▶ _YOUR OBJECTIVE_:
Excluding pictures, retype the line with "some proof sheets." and each line that follows it to the end of the data below, word for word.

▶ _RECORDS FOR THIS EXERCISE_:
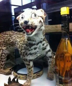 1. Ну вот яркий пример, тушка вроде как ничего, но вот выражение "лица", говорит что при жизни он был непрочь закинуть за воротник. 2. Здесь тоже самое, этот зверь больше смахивает на белочку (от слова белая), кошмар алкоголика. 3. У этого котика навечно застыло удивление, вопрошающее хозяина на кой чёрт он это сделал? Не мог хотя бы нормального специалиста найти? 4. При взгляде на этот шедевр, кажется что его просто надули воздухом, как воздушный шарик, из-за чего кажется будто это самое крутое чучело среди всех чучел, этакий настоящий пацанчик среди чучел. 5. Этого тоже, как будто надули, но в отличии от предыдущего "шедевра", здесь крутизной даже не пахнет. Ну какая крутизна в шерстяном, пятнистом батоне вареной колбасы на тоненьких ножках-палочках? 6. И снова застывшее удивление, это что же такого я пыхнул, что попал сюда? Хотя нужно признать что тушка вышла неплохо. 7. Только взглянув на очередной шедевр, не только бросишь пить, курить, ........ , а ещё и срочно побежишь спортом
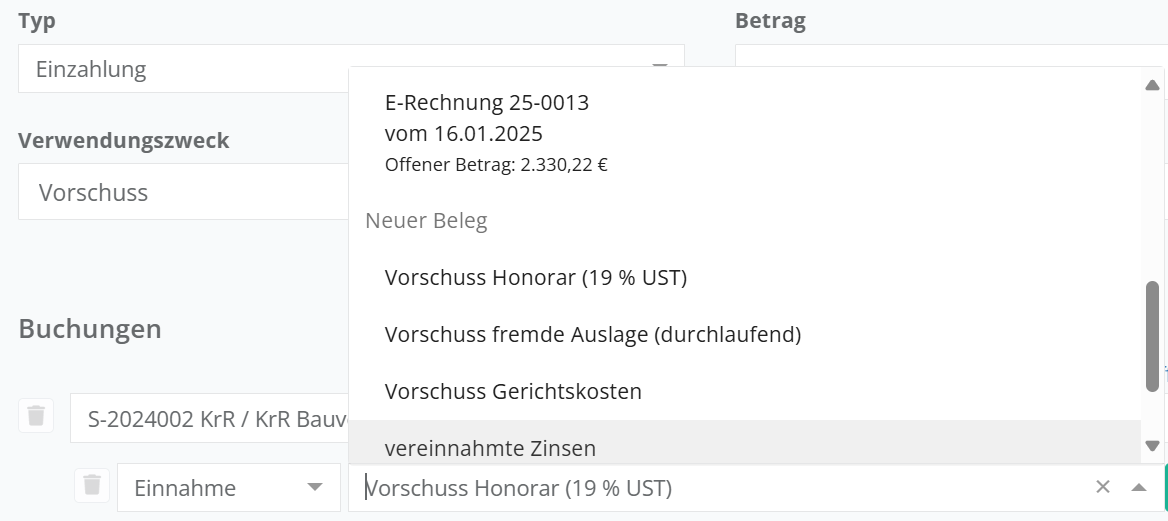 Wählen Sie zudem die korrekte Kategorie der Einzahlung aus. Wenn es sich um die Zahlung einer bereits gestellten Rechnung (oder auch nur einer Teilzahlung handelt), können Sie den zugehörigen Rechnungsbeleg auswählen.
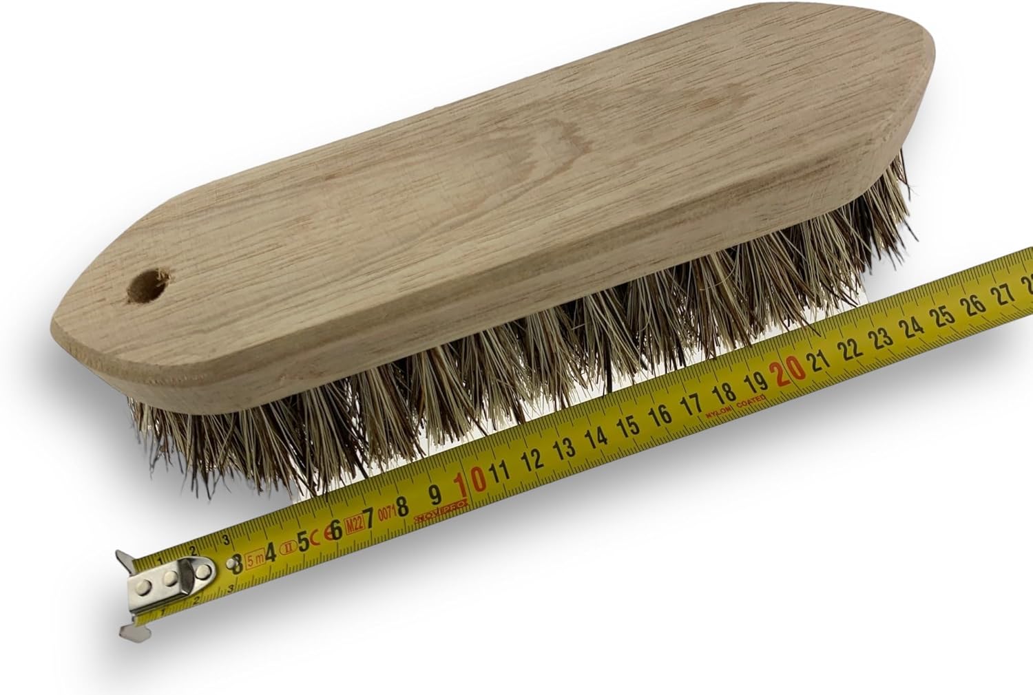 Cette brosse est équipée d’une monture en bois de hêtre non vernis de dimensions 25 × 8 × 7 cm, offrant une prise en main confortable et stable. Son garnissage en chiendent naturel garantit une action douce mais efficace sur les crins, en éliminant poussières, nœuds et saletés sans les abîmer. Les matériaux naturels assurent également une longue durée de vie, même en usage régulier.
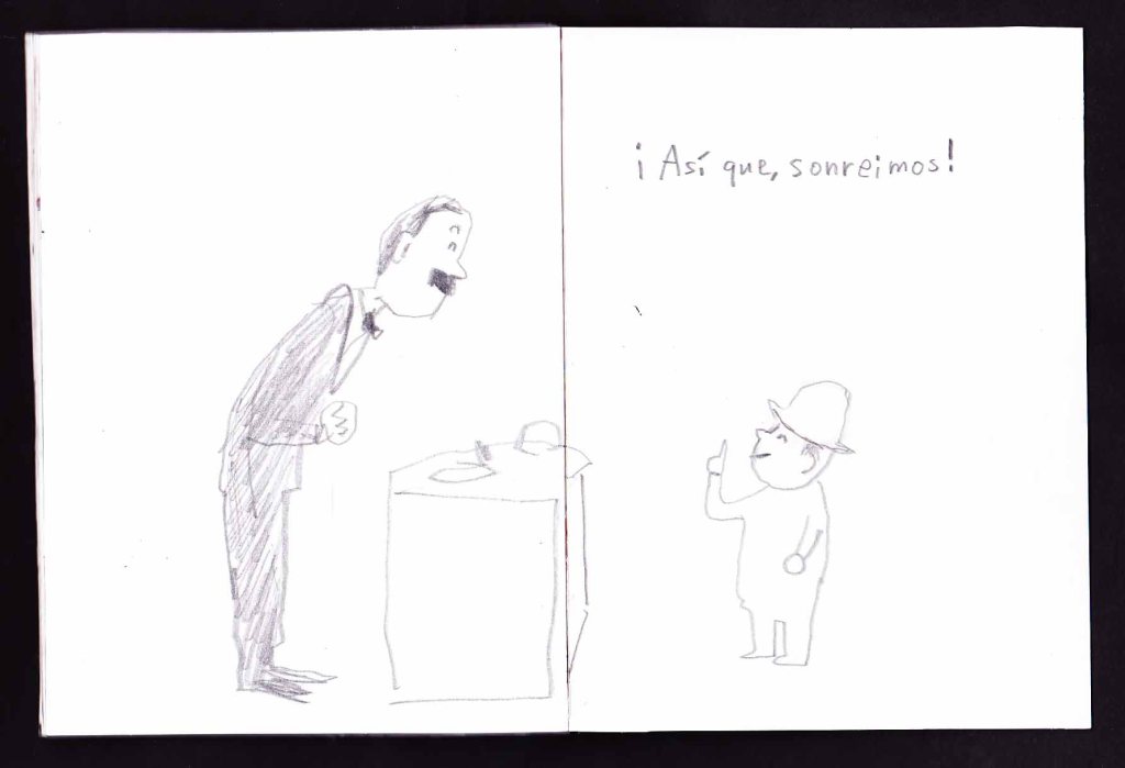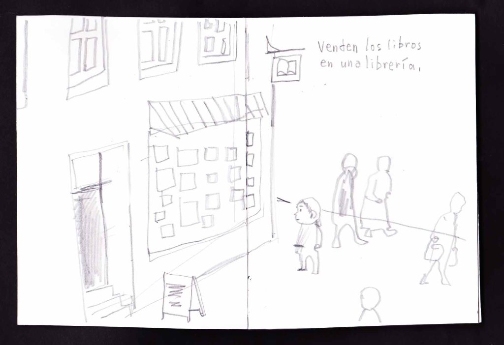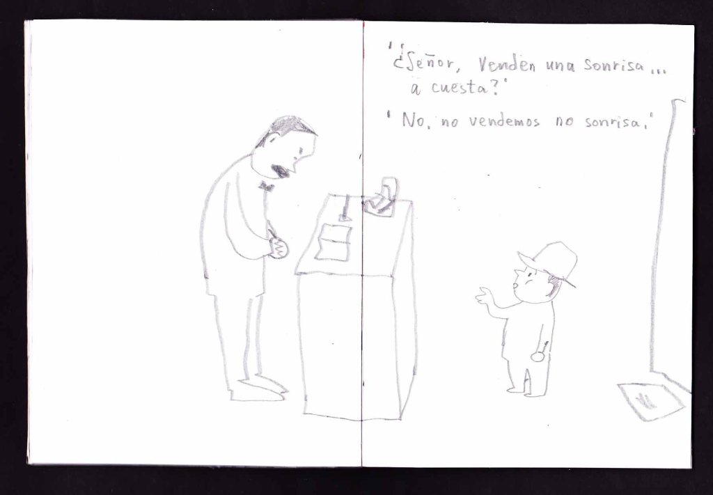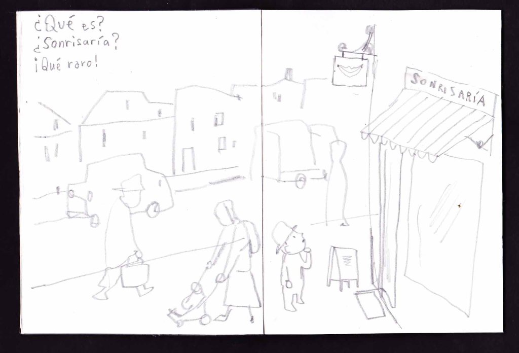 “Librería” means bookshop, and likewise “panadería” bakery, “verdulería” vegetable store and so on. I thought the suffix -ría would make it sound like a shop. So, “sonrisaría” would be a shop that sold smiles. Almost immediately I got a story! I drew pictures and added some text in my very basic Spanish in pencil on the back of some proof sheets.
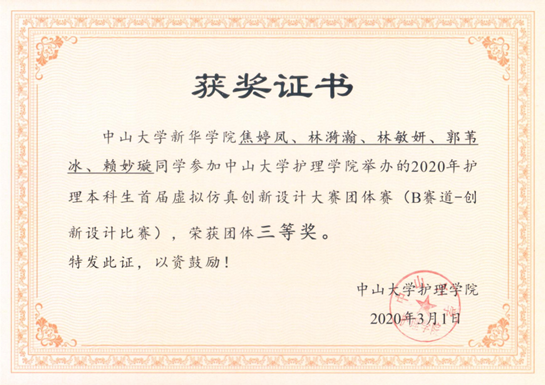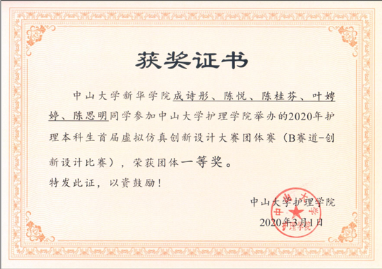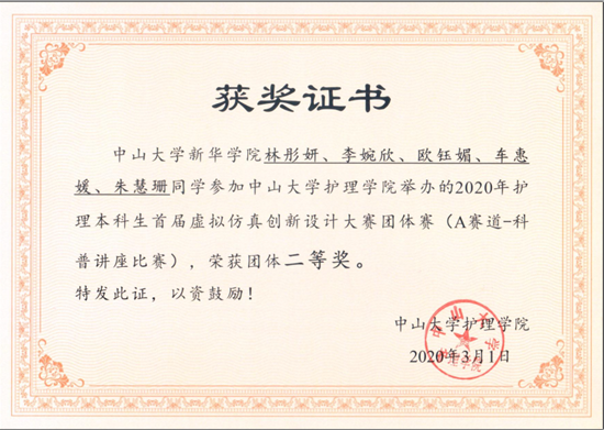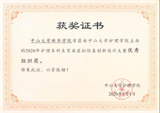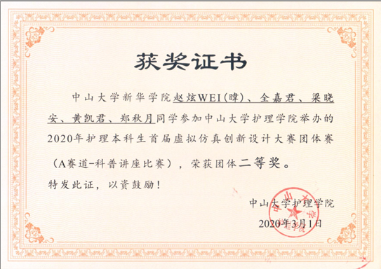 2020年2月29日及2020年3月1日,中山大学举办首届护理本科生“虚拟仿真”创新设计大赛,因疫情影响,原定的线下比赛改为线上举行。中山大学新华学院护理学院积极组织了2017级和2018级的学子们报名参赛。赛制设置了初赛及团体决赛二个模块,初赛为上机竞赛方式,进入初赛者,可以自由组队参加团体决赛,团体决赛分为A、B二个赛道,按年级分组,任选一个赛道。先由学院内评审决出2017级、2018级的A、B赛道各一组共4个团队参加6所学院的总决赛。初赛及团体赛奖项皆设置有一等奖、二等奖、三等奖和优秀奖四个级别。
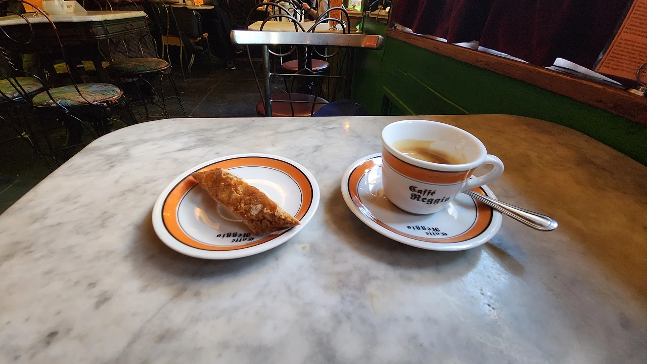 에스프레소가 먹고 싶어 조승연 유튜브에서 보았던 Caffe Reggio가 근처라 찾아가 보았다. 오래된 이탈리아 분위기의 카페였다. 비스킷토와 에스프레소 한 잔으로 잠시 휴식을 취하였다. 에스프레소 잔도 로마 스페인광장의 카페 그레꼬(Greco)를 닮았다. 두 카페의 연관이 있는 건 아닐까 생각도 해봤다.
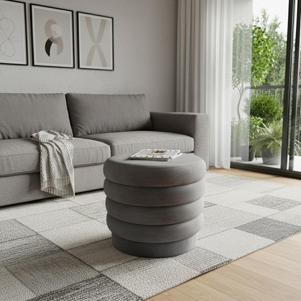 21" Gray Velvet Tufted Round Cocktail Ottoman

▶ _YOUR RESPONSE_:
 “Librería” means bookshop, and likewise “panadería” bakery, “verdulería” vegetable store and so on. I thought the suffix -ría would make it sound like a shop. So, “sonrisaría” would be a shop that sold smiles. Almost immediately I got a story! I drew pictures and added some text in my very basic Spanish in pencil on the back of some proof sheets.
 2020年2月29日及2020年3月1日,中山大学举办首届护理本科生“虚拟仿真”创新设计大赛,因疫情影响,原定的线下比赛改为线上举行。中山大学新华学院护理学院积极组织了2017级和2018级的学子们报名参赛。赛制设置了初赛及团体决赛二个模块,初赛为上机竞赛方式,进入初赛者,可以自由组队参加团体决赛,团体决赛分为A、B二个赛道,按年级分组,任选一个赛道。先由学院内评审决出2017级、2018级的A、B赛道各一组共4个团队参加6所学院的总决赛。初赛及团体赛奖项皆设置有一等奖、二等奖、三等奖和优秀奖四个级别。
 에스프레소가 먹고 싶어 조승연 유튜브에서 보았던 Caffe Reggio가 근처라 찾아가 보았다. 오래된 이탈리아 분위기의 카페였다. 비스킷토와 에스프레소 한 잔으로 잠시 휴식을 취하였다. 에스프레소 잔도 로마 스페인광장의 카페 그레꼬(Greco)를 닮았다. 두 카페의 연관이 있는 건 아닐까 생각도 해봤다.
 21" Gray Velvet Tufted Round Cocktail Ottoman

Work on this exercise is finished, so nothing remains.